Problem description: Please produce a character-exact copy of the listing that follows, omitting all images.

Input data:
Segment Open

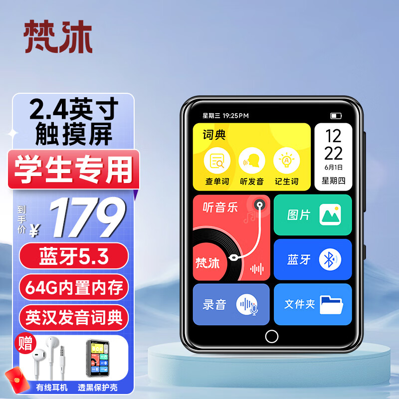 梵沐PA01 64G mp4/mp3播放器 无损音乐随身听 学生听英语听力复读机 2.4英寸发声词典外放蓝牙5.3价格:179.00元!
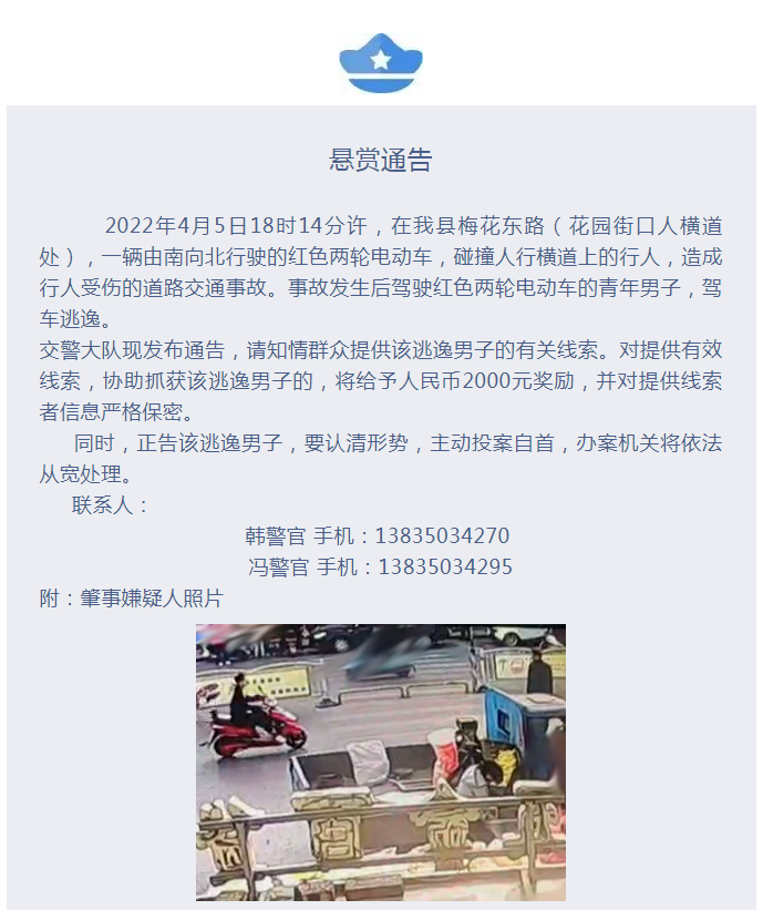 到达现场后,民警立即查看伤者情况,在确认伤者情况稳定后,开始对事故发生经过进行了解。同时调取周边视频监控,最终确认肇事逃逸的嫌疑人是一名驾驶红色两轮电动车的青年男子。但是由于监控盲区等原因,民警无法确认该电动车车牌号,侦破难度大。为还伤者公道,保德交警调取了该电动车途经路段的所有监控视频,根据其行驶路线一步一步逐步调查,同时发布悬赏通告,发动群众一起寻找肇事驾驶员。
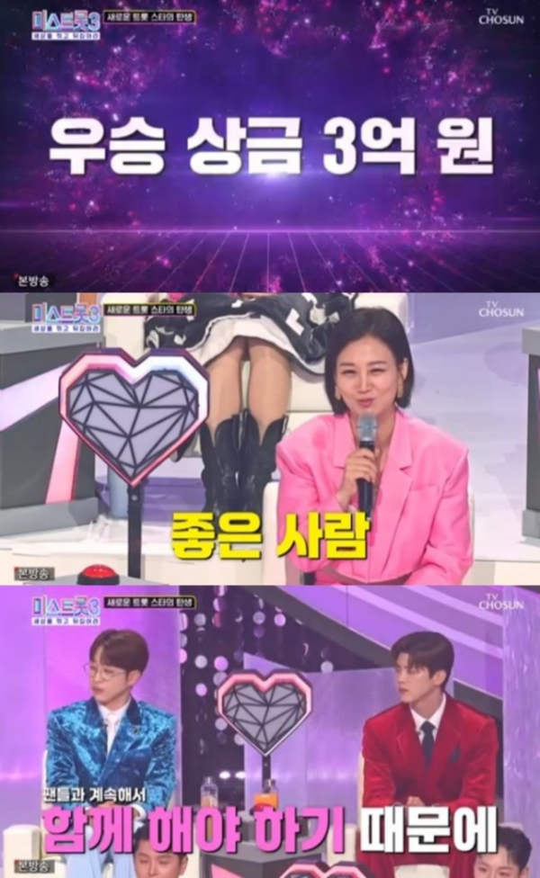 이어 김성주는 "'미스트롯3' 우승 특전을 소개한다. 우승 상금은 총 3억 원과 함께 각종 특전이 주어진다"며 "새 시즌을 맞아 잔인하게 돌아왔다. 새롭게 바뀐 룰을 소개한다. 1라운드는 1대 1 배틀 이다. 총 72명의 참가자들이 여덟 개 부서로 나눠진다. 하트 수가 더 많은 한 명만 다음 라운드에 진출한다"고 설명해 긴장감을 높였다.
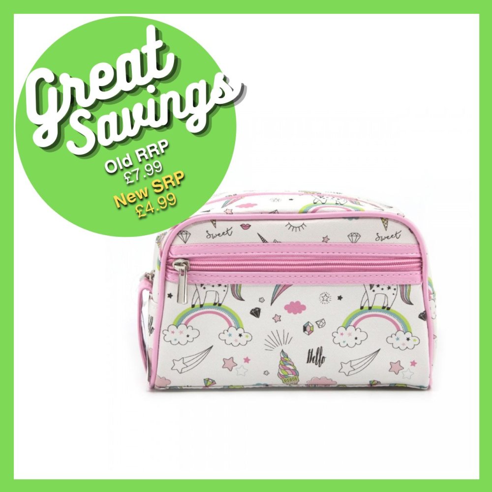 Introducing the Medium Cosmetics Bag from Sanjo's Unicorn range - a magical and whimsical accessory for your beauty essentials. This enchanting bag features a delightful unicorn pattern adorned with rainbows and stars, set against a white background with charming pink accents.

Segment Closed

Task result:
 梵沐PA01 64G mp4/mp3播放器 无损音乐随身听 学生听英语听力复读机 2.4英寸发声词典外放蓝牙5.3价格:179.00元!
 到达现场后,民警立即查看伤者情况,在确认伤者情况稳定后,开始对事故发生经过进行了解。同时调取周边视频监控,最终确认肇事逃逸的嫌疑人是一名驾驶红色两轮电动车的青年男子。但是由于监控盲区等原因,民警无法确认该电动车车牌号,侦破难度大。为还伤者公道,保德交警调取了该电动车途经路段的所有监控视频,根据其行驶路线一步一步逐步调查,同时发布悬赏通告,发动群众一起寻找肇事驾驶员。
 이어 김성주는 "'미스트롯3' 우승 특전을 소개한다. 우승 상금은 총 3억 원과 함께 각종 특전이 주어진다"며 "새 시즌을 맞아 잔인하게 돌아왔다. 새롭게 바뀐 룰을 소개한다. 1라운드는 1대 1 배틀 이다. 총 72명의 참가자들이 여덟 개 부서로 나눠진다. 하트 수가 더 많은 한 명만 다음 라운드에 진출한다"고 설명해 긴장감을 높였다.
 Introducing the Medium Cosmetics Bag from Sanjo's Unicorn range - a magical and whimsical accessory for your beauty essentials. This enchanting bag features a delightful unicorn pattern adorned with rainbows and stars, set against a white background with charming pink accents.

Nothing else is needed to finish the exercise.